For each record that follows, restate the text exactly and drop the pictures.

(Beginning of RECORDS FOR THIS EXERCISE)

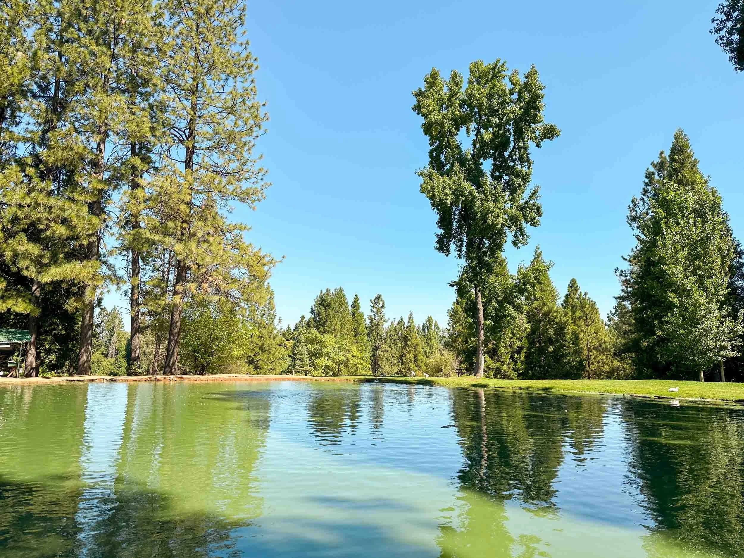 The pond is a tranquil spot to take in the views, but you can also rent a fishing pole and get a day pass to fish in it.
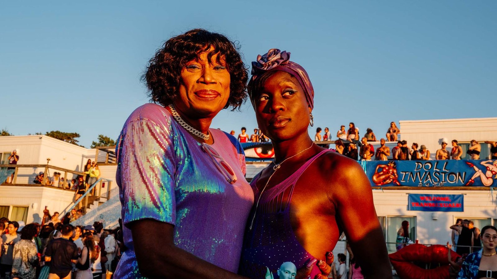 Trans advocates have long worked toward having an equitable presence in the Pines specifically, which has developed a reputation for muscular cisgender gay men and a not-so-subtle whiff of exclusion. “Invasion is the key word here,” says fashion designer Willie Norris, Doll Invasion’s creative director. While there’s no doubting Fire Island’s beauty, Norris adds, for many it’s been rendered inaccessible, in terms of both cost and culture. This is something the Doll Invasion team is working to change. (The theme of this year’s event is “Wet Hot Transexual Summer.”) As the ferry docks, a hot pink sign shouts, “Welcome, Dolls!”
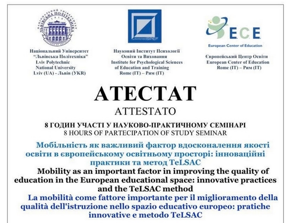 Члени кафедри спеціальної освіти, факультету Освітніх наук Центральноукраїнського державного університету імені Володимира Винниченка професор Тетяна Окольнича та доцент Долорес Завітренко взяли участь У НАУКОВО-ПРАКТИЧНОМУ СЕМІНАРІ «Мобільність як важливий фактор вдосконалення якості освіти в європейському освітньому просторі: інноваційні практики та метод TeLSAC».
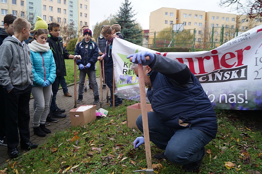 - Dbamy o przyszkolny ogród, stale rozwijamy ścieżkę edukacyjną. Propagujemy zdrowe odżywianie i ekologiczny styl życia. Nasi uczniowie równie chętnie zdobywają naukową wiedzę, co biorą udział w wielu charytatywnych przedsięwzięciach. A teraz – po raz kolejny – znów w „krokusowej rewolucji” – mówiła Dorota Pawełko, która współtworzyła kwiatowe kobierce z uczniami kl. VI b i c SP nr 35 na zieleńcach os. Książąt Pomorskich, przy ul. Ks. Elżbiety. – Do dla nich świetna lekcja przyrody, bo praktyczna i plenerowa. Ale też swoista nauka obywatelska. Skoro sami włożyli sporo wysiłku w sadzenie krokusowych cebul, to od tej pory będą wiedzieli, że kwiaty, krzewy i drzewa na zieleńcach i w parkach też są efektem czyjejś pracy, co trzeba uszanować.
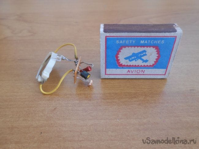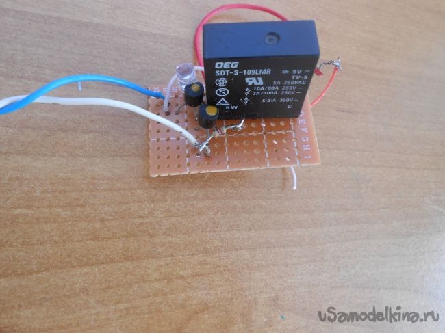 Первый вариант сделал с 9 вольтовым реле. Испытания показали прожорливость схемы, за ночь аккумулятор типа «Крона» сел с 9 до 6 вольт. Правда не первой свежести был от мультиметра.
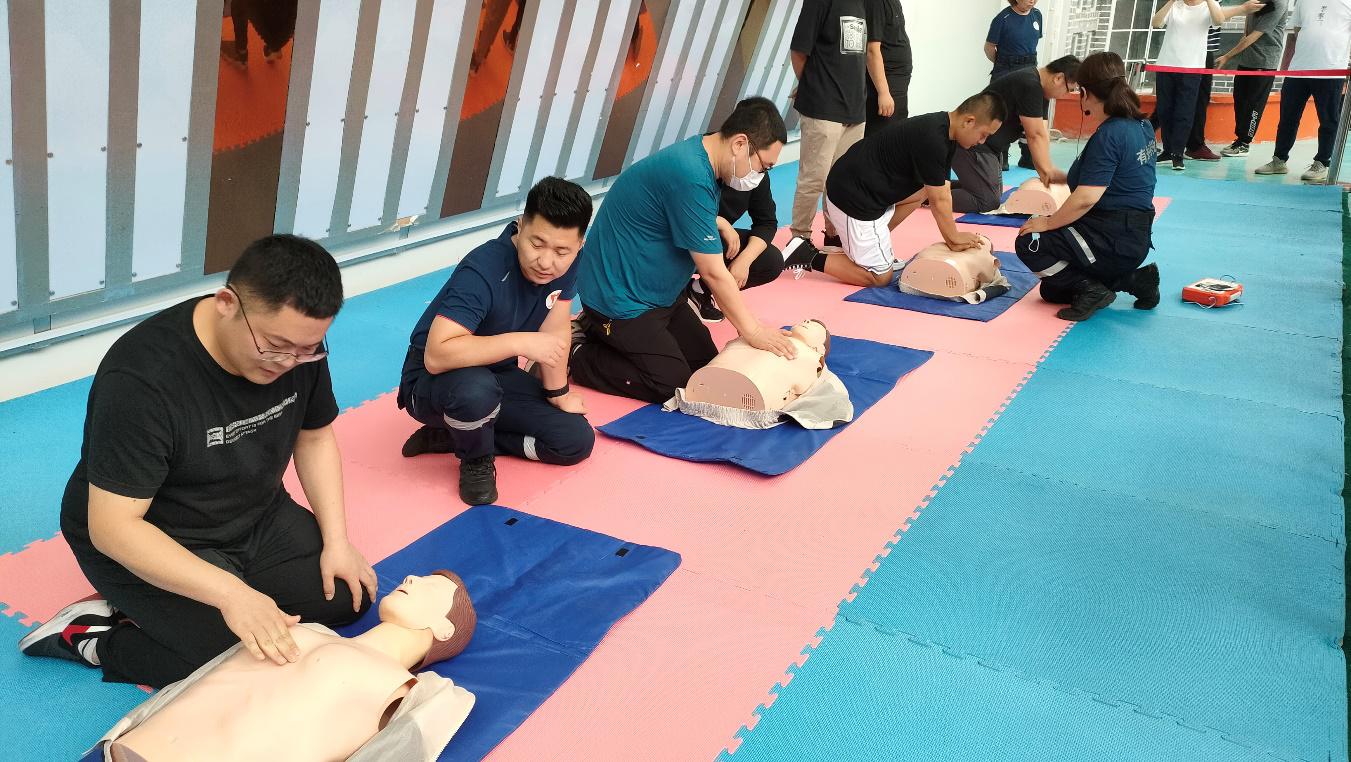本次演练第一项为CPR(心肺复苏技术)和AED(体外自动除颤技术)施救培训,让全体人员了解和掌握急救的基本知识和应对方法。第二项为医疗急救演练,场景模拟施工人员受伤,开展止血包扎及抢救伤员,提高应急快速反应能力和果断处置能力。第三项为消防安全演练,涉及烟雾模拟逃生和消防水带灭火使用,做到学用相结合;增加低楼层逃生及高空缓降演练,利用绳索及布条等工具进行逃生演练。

(End of RECORDS FOR THIS EXERCISE)

## TASK RESPONSE
 The pond is a tranquil spot to take in the views, but you can also rent a fishing pole and get a day pass to fish in it.
 Trans advocates have long worked toward having an equitable presence in the Pines specifically, which has developed a reputation for muscular cisgender gay men and a not-so-subtle whiff of exclusion. “Invasion is the key word here,” says fashion designer Willie Norris, Doll Invasion’s creative director. While there’s no doubting Fire Island’s beauty, Norris adds, for many it’s been rendered inaccessible, in terms of both cost and culture. This is something the Doll Invasion team is working to change. (The theme of this year’s event is “Wet Hot Transexual Summer.”) As the ferry docks, a hot pink sign shouts, “Welcome, Dolls!”
 Члени кафедри спеціальної освіти, факультету Освітніх наук Центральноукраїнського державного університету імені Володимира Винниченка професор Тетяна Окольнича та доцент Долорес Завітренко взяли участь У НАУКОВО-ПРАКТИЧНОМУ СЕМІНАРІ «Мобільність як важливий фактор вдосконалення якості освіти в європейському освітньому просторі: інноваційні практики та метод TeLSAC».
 - Dbamy o przyszkolny ogród, stale rozwijamy ścieżkę edukacyjną. Propagujemy zdrowe odżywianie i ekologiczny styl życia. Nasi uczniowie równie chętnie zdobywają naukową wiedzę, co biorą udział w wielu charytatywnych przedsięwzięciach. A teraz – po raz kolejny – znów w „krokusowej rewolucji” – mówiła Dorota Pawełko, która współtworzyła kwiatowe kobierce z uczniami kl. VI b i c SP nr 35 na zieleńcach os. Książąt Pomorskich, przy ul. Ks. Elżbiety. – Do dla nich świetna lekcja przyrody, bo praktyczna i plenerowa. Ale też swoista nauka obywatelska. Skoro sami włożyli sporo wysiłku w sadzenie krokusowych cebul, to od tej pory będą wiedzieli, że kwiaty, krzewy i drzewa na zieleńcach i w parkach też są efektem czyjejś pracy, co trzeba uszanować.
 Первый вариант сделал с 9 вольтовым реле. Испытания показали прожорливость схемы, за ночь аккумулятор типа «Крона» сел с 9 до 6 вольт. Правда не первой свежести был от мультиметра.
本次演练第一项为CPR(心肺复苏技术)和AED(体外自动除颤技术)施救培训,让全体人员了解和掌握急救的基本知识和应对方法。第二项为医疗急救演练,场景模拟施工人员受伤,开展止血包扎及抢救伤员,提高应急快速反应能力和果断处置能力。第三项为消防安全演练,涉及烟雾模拟逃生和消防水带灭火使用,做到学用相结合;增加低楼层逃生及高空缓降演练,利用绳索及布条等工具进行逃生演练。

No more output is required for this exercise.